> _Task directions_: Count the lines in the data below that include the word "Medical", then state the total and nothing besides.

Saved entries:
-=-=-

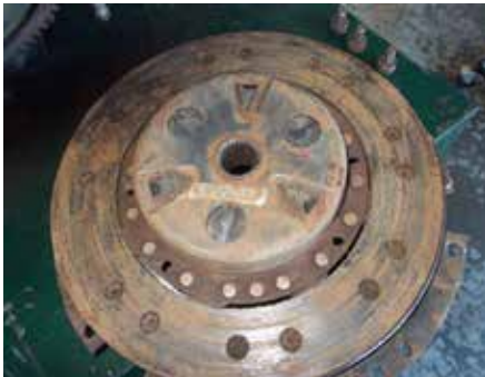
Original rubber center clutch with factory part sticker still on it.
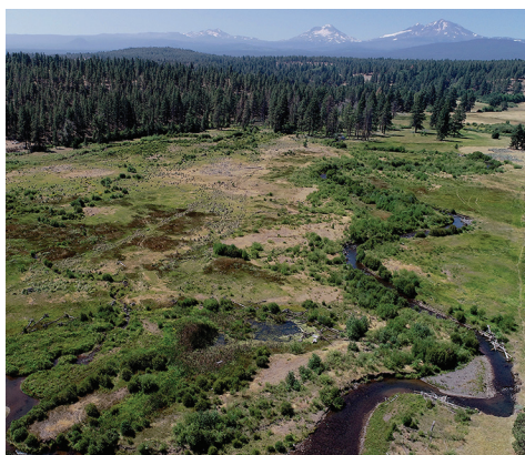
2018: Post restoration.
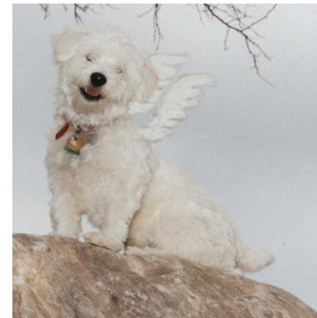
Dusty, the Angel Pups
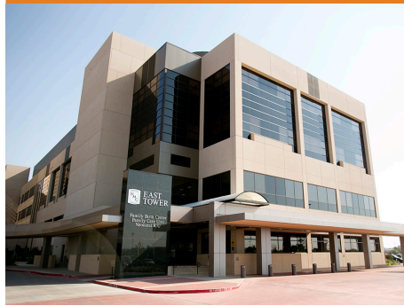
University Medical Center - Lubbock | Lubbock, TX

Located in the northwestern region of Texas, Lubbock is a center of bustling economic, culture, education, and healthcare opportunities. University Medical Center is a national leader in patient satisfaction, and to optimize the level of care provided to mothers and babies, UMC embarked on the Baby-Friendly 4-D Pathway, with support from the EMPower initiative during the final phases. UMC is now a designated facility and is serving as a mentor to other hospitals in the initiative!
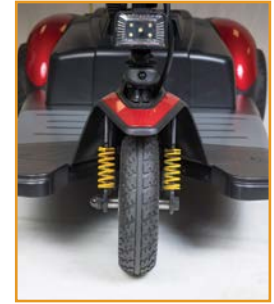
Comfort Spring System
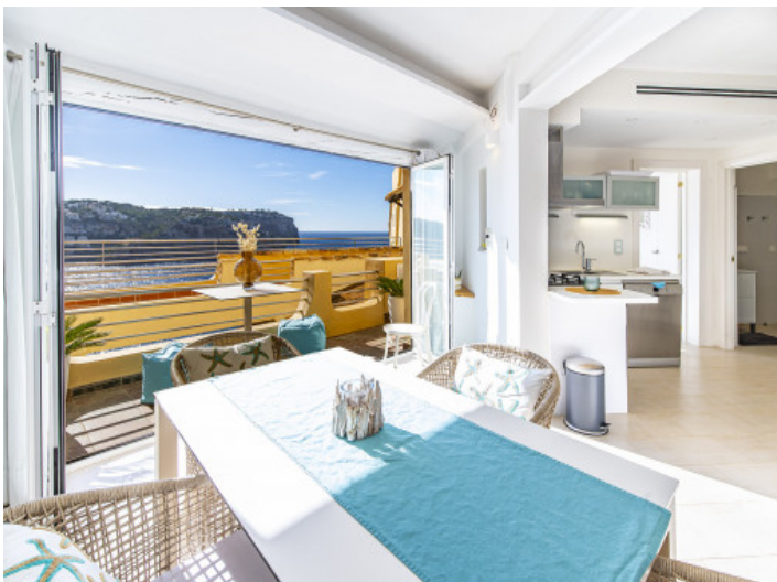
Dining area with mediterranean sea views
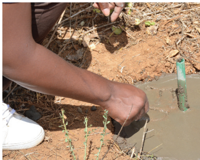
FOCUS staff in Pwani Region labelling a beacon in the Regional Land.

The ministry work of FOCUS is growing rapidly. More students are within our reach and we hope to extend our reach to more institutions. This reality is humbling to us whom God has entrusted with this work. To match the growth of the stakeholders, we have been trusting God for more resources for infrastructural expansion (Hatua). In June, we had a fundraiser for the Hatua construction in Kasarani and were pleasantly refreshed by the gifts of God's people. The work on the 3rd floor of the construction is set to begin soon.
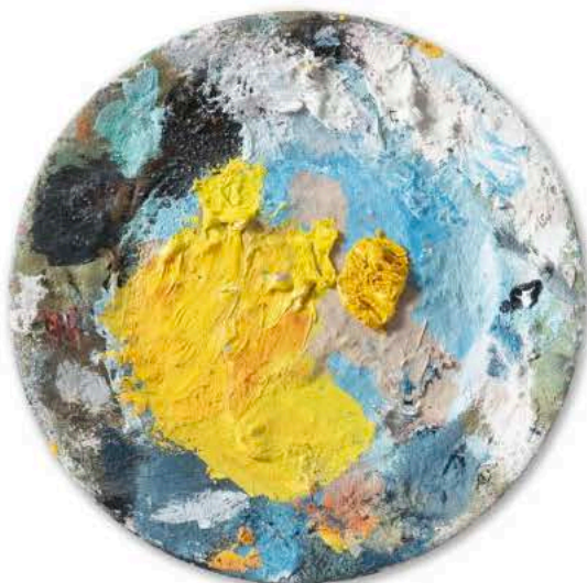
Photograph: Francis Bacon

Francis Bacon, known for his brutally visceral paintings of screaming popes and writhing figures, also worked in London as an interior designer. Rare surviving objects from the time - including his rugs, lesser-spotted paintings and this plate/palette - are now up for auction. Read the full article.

-=-=-

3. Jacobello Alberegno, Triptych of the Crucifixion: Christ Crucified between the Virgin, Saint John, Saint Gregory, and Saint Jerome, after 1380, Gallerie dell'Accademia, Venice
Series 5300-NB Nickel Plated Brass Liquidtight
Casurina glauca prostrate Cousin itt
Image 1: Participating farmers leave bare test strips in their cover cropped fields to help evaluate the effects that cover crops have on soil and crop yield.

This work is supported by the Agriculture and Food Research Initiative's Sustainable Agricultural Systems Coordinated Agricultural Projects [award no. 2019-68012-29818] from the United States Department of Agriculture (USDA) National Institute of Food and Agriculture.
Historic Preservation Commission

-=-=-

> _Reply_: 2